Jake whirled and grabbed a handful of the wiry man’s overall bib.

“There ain’t no wrecking job Ajax Wrecking can’t handle and doncha forget it, “ he growled. “Hold the headache ball. Tell the boys to break out the chain saws.”

“Sure, Jake. Only you got aholt of the hair on my chest—”

“Twenny minutes, that’s what the dude said. I don’t want to see nothing but hip pockets and elbows until we get this intersection clear, get me?”

A husband and wife team, tourists from Joplin, Missouri, making one of their rare p.a.’s in the Apple, stood near the forearm and metacarpus of the dead beast, the husband setting the automatic timer on his camera. Then he strolled nonchalantly to his spouse (indicating his ease and familiarity with matters photographic), struck an attitude, and waited, smiling, till the camera had clicked them off. “Do we have time to make it down to the Village for some shots with hippies, before dinner,” the wife asked. Her husband’s answer was lost on the wind as the mayor’s helicopter settled in the center of Sixth Avenue, just above 47th Street.

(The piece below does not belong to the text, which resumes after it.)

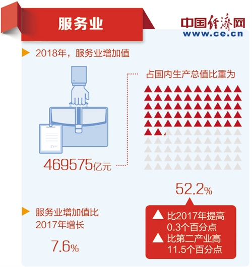 服务业对经济增长的贡献持续提升。2018年,服务业增加值469575亿元,占国内生产总值比重为52.2%,比2017年提高0.3个百分点,比第二产业高11.5个百分点;服务业增加值比上年增长7.6%,比国内生产总值和第二产业增加值增速分别高出1.0个和1.8个百分点;服务业增长对国民经济增长的贡献率为59.7%,比2017年提高0.1个百分点,比第二产业高23.6个百分点;拉动全国GDP增长3.9个百分点,比第二产业高出1.5个百分点,继续发挥经济增长“稳定器”作用。

The riot police jog-trotted around the corner of 48th and Sixth and began breaking up into assault teams.

“Careful of that Mace!” Captain Schirmer bellowed through the bullhorn. Snipers in office windows began firing at streetlights. “All right, move it out!” shouted Captain Schirmer. The first wave of riot police lobbed their tear gas grenades, and began spraying high pressure hoses down the Avenue. The rabbinical students fled, still uncertain whether the pteranodon was kosher or trayfe—but dead certain the eggs were edible if the proper bruchah was said over them. The rescue squads pulled the last of the survivors out from under the dead beast, and carried them away from the line of combat.

Kiley was trapped at the neck of the creature, still trying to yank loose the garden amulet. He was cut off from escape by the insurrecting Columbia Law students and Black Panther Freedom Party members on the eastern flank, by the riot police using Mace and leadweighted truncheons on the west, by the roughneck warriors of the Ajax Wrecking Corporation (all ex-Seabees) on the North, and by the advancing wave of members of the Amalgamated Butchers and Meat Hackers Local #39 on the South. He crouched down, hoping to go unseen, and continued yanking at the circle of gold.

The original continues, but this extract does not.